Salaries Revisited

Posted by Justin on 2 November, 2011

Level
Elementary / Pre-intermediate

Salaries Revisited

FTSE directors’ earnings rise by nearly 50%

Once again, directors’ pay is back in the news. A new report from a research company, the IDS (Incomes Data Services), has revealed that last year the earnings of UK directors of the top 100 FTSE companies rose by nearly 50%. The average increase in CEO salaries was 43%. What’s more, directors’ bonuses have reportedly risen by 23%, making the average bonus a staggering £900,000!

This research has generated a flurry of activity in the blogosphere. On the whole, most contributors are furious. The huge salary rises are described as ‘outrageous’ and ‘obscene’. ‘Boardroom greed’ and ‘fat cats’ are terms which occur in several posts. Many feel that directors’ bonuses are simply not linked to successful performance in the marketplace. It is not surprising that this research has triggered a wave of anger. For most ordinary workers in the United Kingdom, there is no real salary rise this year. The average pay increase is around 3.2% (2.6% in the private sector), with inflation at around 5.2%.

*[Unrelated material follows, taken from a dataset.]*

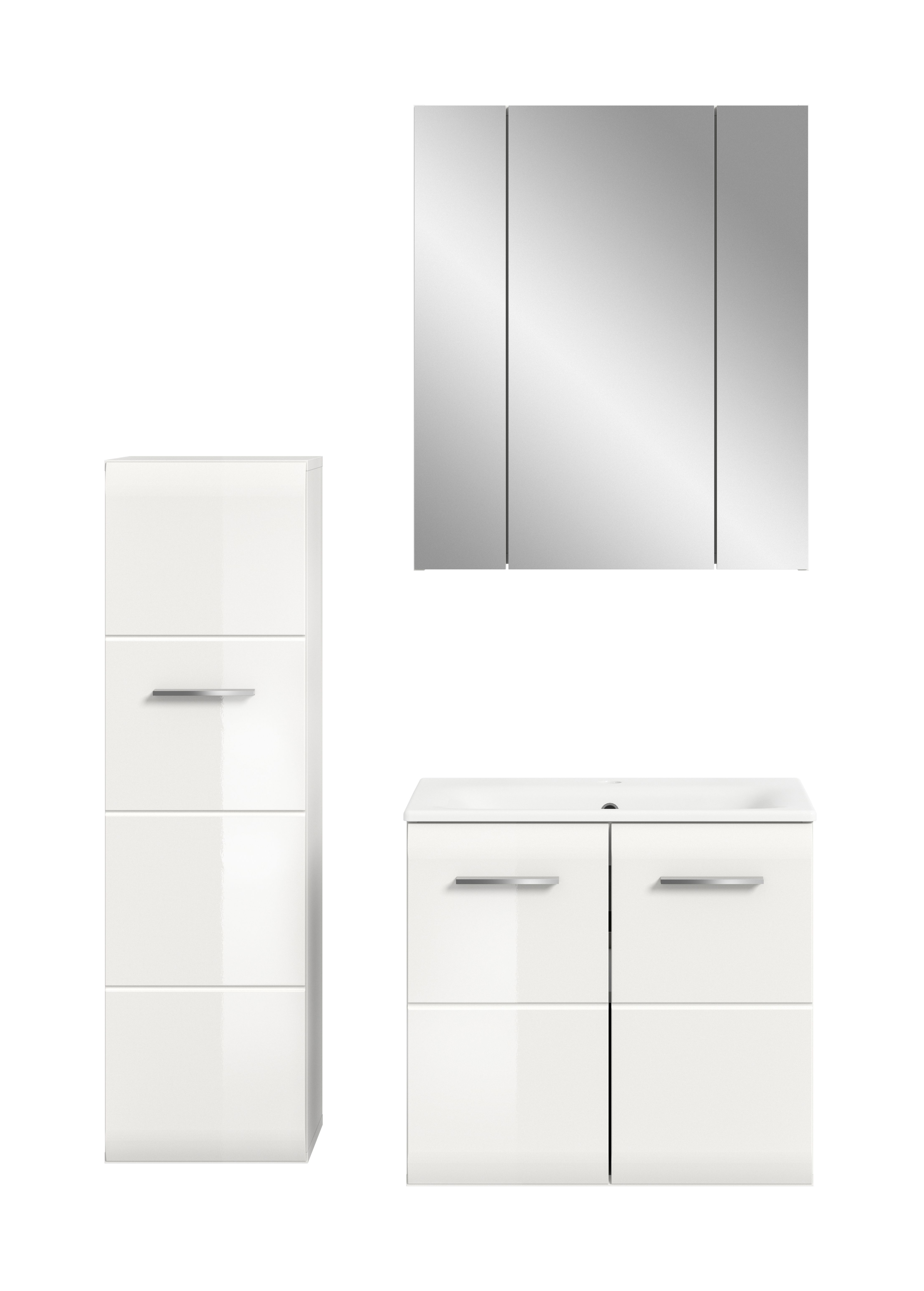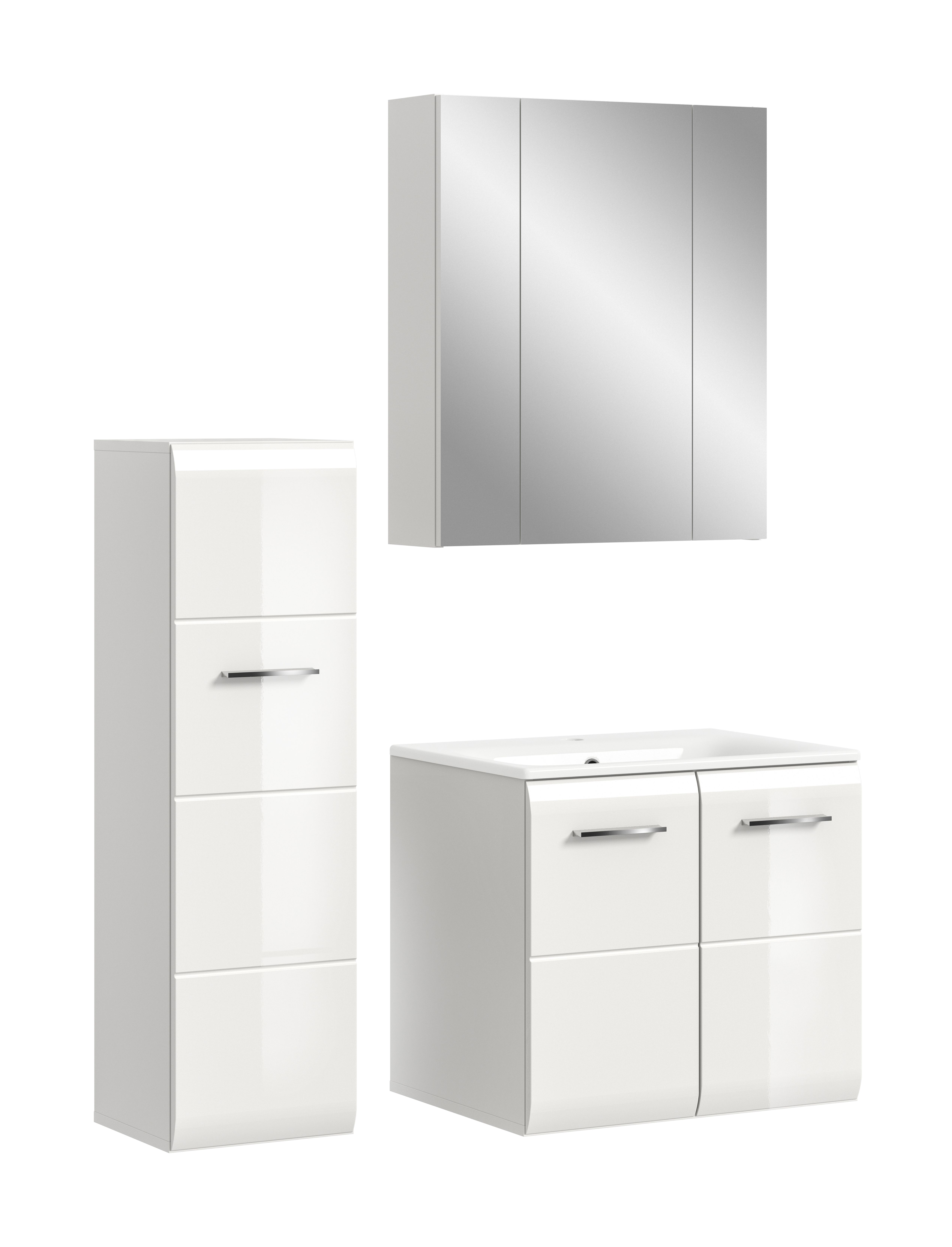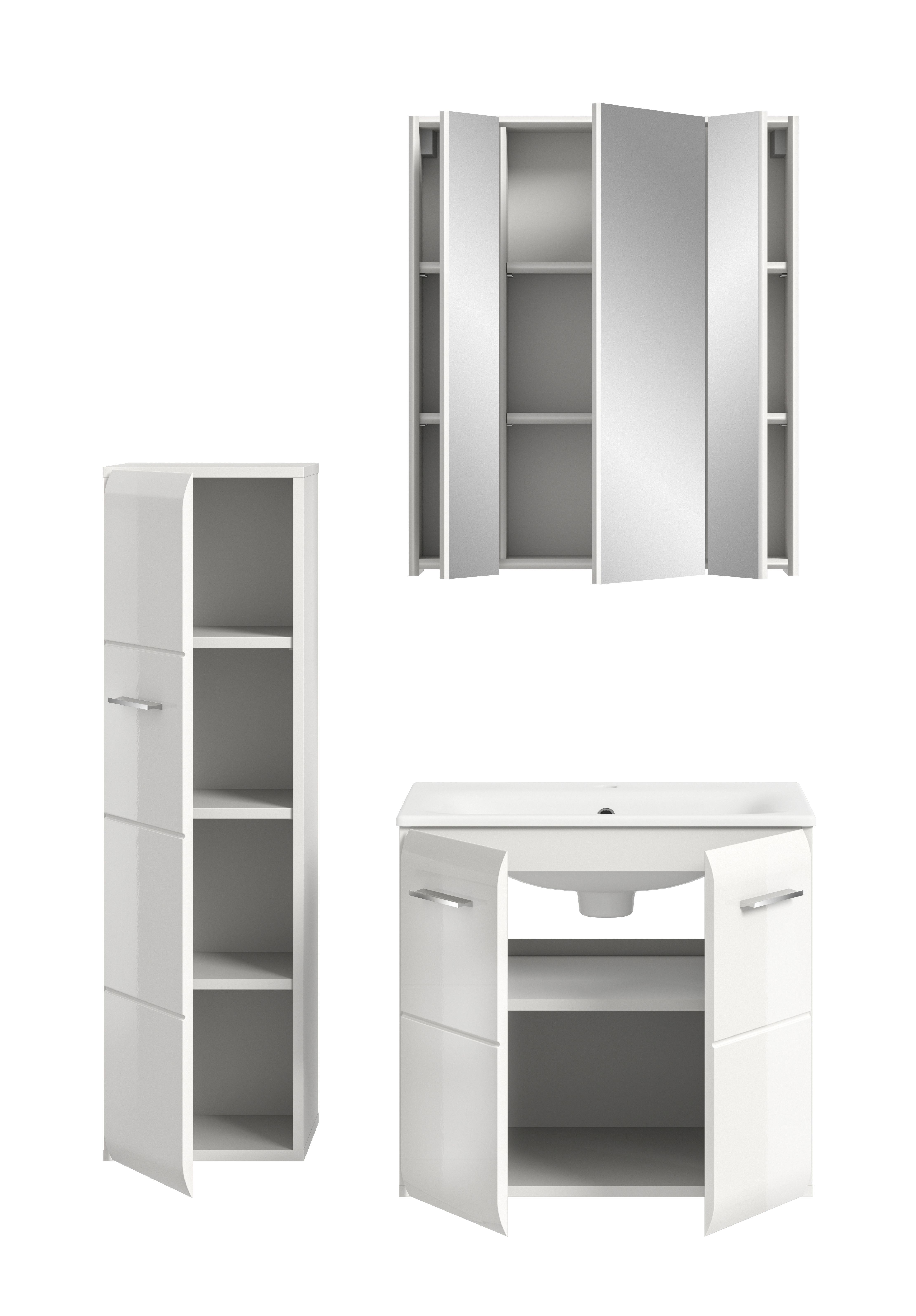 - 3-teilige Badkombination beteht aus 1x Stauraumtype, 1x Waschtisch inkl. Waschbecken, 1x Spiegelschrank

However, not all the posts condemn the increase in directors’ salaries. Some writers point out that, in the private sector, directors set their own salaries. That’s capitalism. What is more, CEO salaries should be high – these people take the business risks and this is rightly reflected in their pay.

The original e-lesson, ‘Salaries’, mentioned the ‘pay divide’. This latest research suggests that this gap is widening. The lesson also posed the question: ‘Are bonuses fair?’. Today, such bonuses are just a standard part of many remuneration packages. What seems to be clear is that the salaries for those at the very top are now even further removed from the everyday economic realities of the rest of us.

Some questions you may wish to discuss with your students are:

  • Are top company directors over-paid?
  • Is there a large salary gap between the lowest and highest earners in your country?
  • Are salaries keeping ahead of inflation in your own company?